In place of values and religion, the upper storey has become dominated by psychology, the pop psychology variety which appeals to intangible things like feelings, desires, and wants.  The non-sacramental world that has replaced the poles of sacramental reality and ethical certainty has left us merely a collection of individuals whose individual consciousness now defines and orders our whole sense of what is real and good. Reality has become a psychologized notion in which the supreme values are assigned to ideas, thoughts, desire, and feelings (personal expression) instead of an objective deity and external notions of right and wrong, virtue and vice, truth and falsehood.

Personality has come to define all things in a world where nominalism is its organizing and governing philosophy.  The only and all-surpassing good is self-expression and freedom must be adjusted to allow this self-expression without hindrance (except in the most extreme cases of harm).  Our modern world has become a global network of “relationships” or affiliations, formal and informal, real and virtual.  We use this web of relationships as the means of finding our own personal value among those who value us. It is no surprise, then, that the “experience” of a person's gender is more important than the actual biology of one’s gender, that this is a fluid reality because it is based upon feelings and desire more than upon physical reality, and that this is the greater defining characteristic of who we are than nearly anything else. Marriage then has less to do with sex, children, or even love and becomes a consensual attraction and affirmation of a psychological relationship tied to the goals of personal happiness and self-expression than it does with any traditional sense of the union of a man and a woman.

We look in vain to find a way to reconcile the substitution of psychology with values and faith.  Though some have sought to join these together, the end result has always been that God has become merely an idea, religion condensed to sentiment, and the moment the defining factor in both doctrine and morality.  In the past we wondered who was upstairs.  Now we are no longer at all convinced that any personal being is there and so we are left to wonder what is upstairs -- the what of feeling, thought, desire, and idea.  In such a reality, there is little reason to argue over specificity since nothing can be known or proven on any factual or real level.  Coexist becomes the only path and, if hope endures, that coexist will become a more single and ordinary principle giving expression to the triumph of self.

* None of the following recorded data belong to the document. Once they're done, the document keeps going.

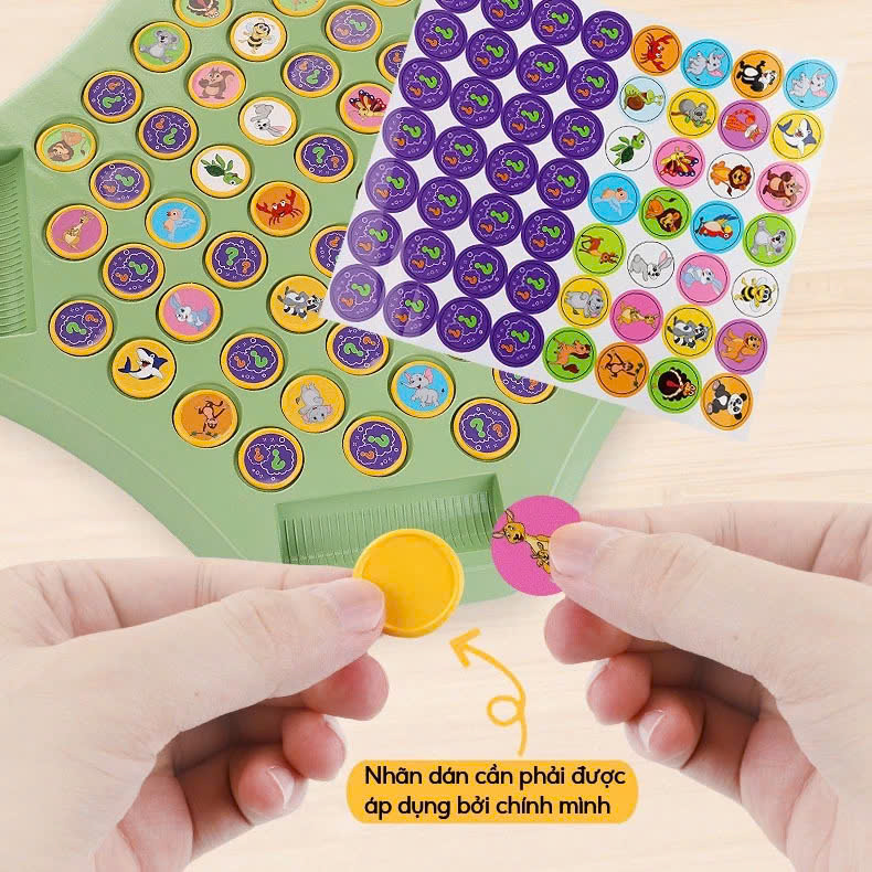 BỘ QUÀ TẶNG VÀ ĐI KÈM 60 MÓN: 52 CỜ TẶNG KÈM 4 CỜ TỔNG 56 CỜ (HÌNH ĐỘNG VẬT HOẶCTRÁI CÂY) 2 BÚT LẬT CỜ BAO BÌ HỘP QUÀ TẶNG X1 BÀN CỠ LỚN (2-4 NGƯỜI CHƠI) X1 CÁCH CHƠI: Lật hai thẻ mỗi vòng để tìm các thẻ trùng khớp. Khi lật không trùng khớp sẽ chuyển lượt chơi cho người kế tiếp. Bạn sẽ giành chiến thắng khi lật được hết các thẻ cờ trùng khớp sớm nhất. CHẤT LIỆU: ABS. Các mảnh được đánh bóng tinh xảo, an toàn tối đa với vành nhẫn, đảm bảo sự giải trí cho người chơi ở mọi lứa tuổi. Cải thiện tư duy logic: Bàn cờ này giúp rèn luyện trí nhớ, phát triển não bộ, tăng cường khả năng suy luận logic và giải quyết vấn đề với mỗi thử thách cho trẻ nhỏ. Dễ dàng mang theo: Thiết kế nhẹ mang lại niềm vui cho trẻ em trọng các buổi họp mặt gia đình, gặp gỡ bạn bè hoặc kỳ nghỉ. Gắn kết gia đình: Kết hợp giữa niềm vui và học tập, bàn cờ phù hợp này thúc đẩy sự tương tác giữa cha mẹ và con cái, gắn kết gia đình đồng thời tăng cường phát triển trí tuệ. Được thiết kế lớn cho 2-4 người chơi, nâng cao tư duy logic và thúc đây sự phát triên giữa người chơi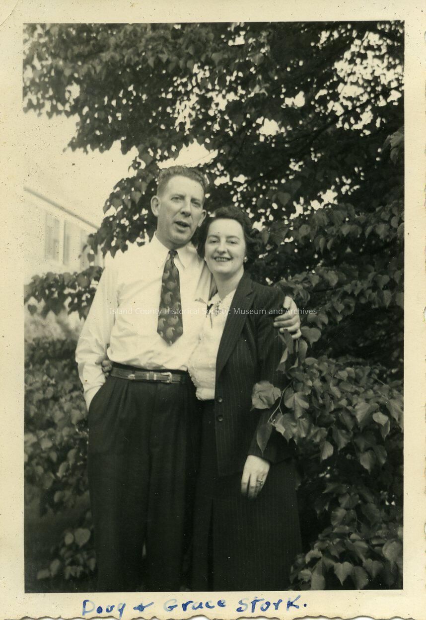 Photograph of a couple, he is wearing shirt, trousers and tie; she has on a suit. Standing in front of a tree. Caption: Doug & Grace Stork.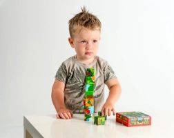 Lesene kocke s pisanimi slikami živali so idealne za najmlajše otroke. Pomagajo razvijati logično razmišljanje, domišljijo in fino motoriko.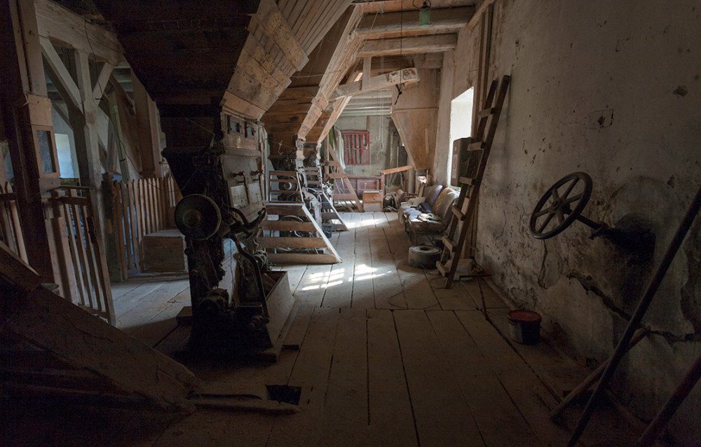 Колись млин був важливим виробничим центром для навколишніх сіл: тут мололи зерно на борошно, виготовляли крупи та корми для худоби. Поруч діяла невелика гідроелектростанція, що забезпечувала електроенергією маєток власника та громадські будівлі, а частина старого обладнання й досі збереглася всередині.

The problem with this, of course, is that Christianity does not know a two storey universe.  It knows only one domain, the seen and unseen, in which the Father created all things, the Son has come in flesh to rescue, redeem, and restore what was lost to the Father, and the Spirit engenders both the awareness and faith in this saving act and instills the desire for communion with the Father and life ordered according to His will.  My point is that compromise will gain us nothing in a worldview that has eradicated God and truth and replaced it with feelings, desires, ideas, and pleasure.  We can do only one thing:  proclaim Jesus Christ and Him crucified!

2 comments:

ErnestO said...

Atheism is a strange thing. Even the devils never fell into that vice, for “the devils also believe and tremble” (James 2:19). Spurgeon

John Joseph Flanagan said...

Much truth in this article, and I suppose many people today may see God as "only an idea," as stated in the article. But what comes to my mind is the Christian gospel song by Johnny Cash, which is simply and aptly titled, "My God is Real." For millions of people He is real, and despite the false ideas, prideful assertions, cynicism, and reaches of psychology, philosophy, and psycho-babble, we withdraw from it all and say our prayers, sing our hymns of praise, and experience the same love and reverence as those of His followers who came before us. The mark of a true disciple of Jesus is being consistently on guard in our minds and hearts against the wickednesd and unbelief characteristic of this fallen world. We endure because He will guide us, and we have an enduring relationship with our Heavenly Father which will stand with us now and when we are laid in our graves.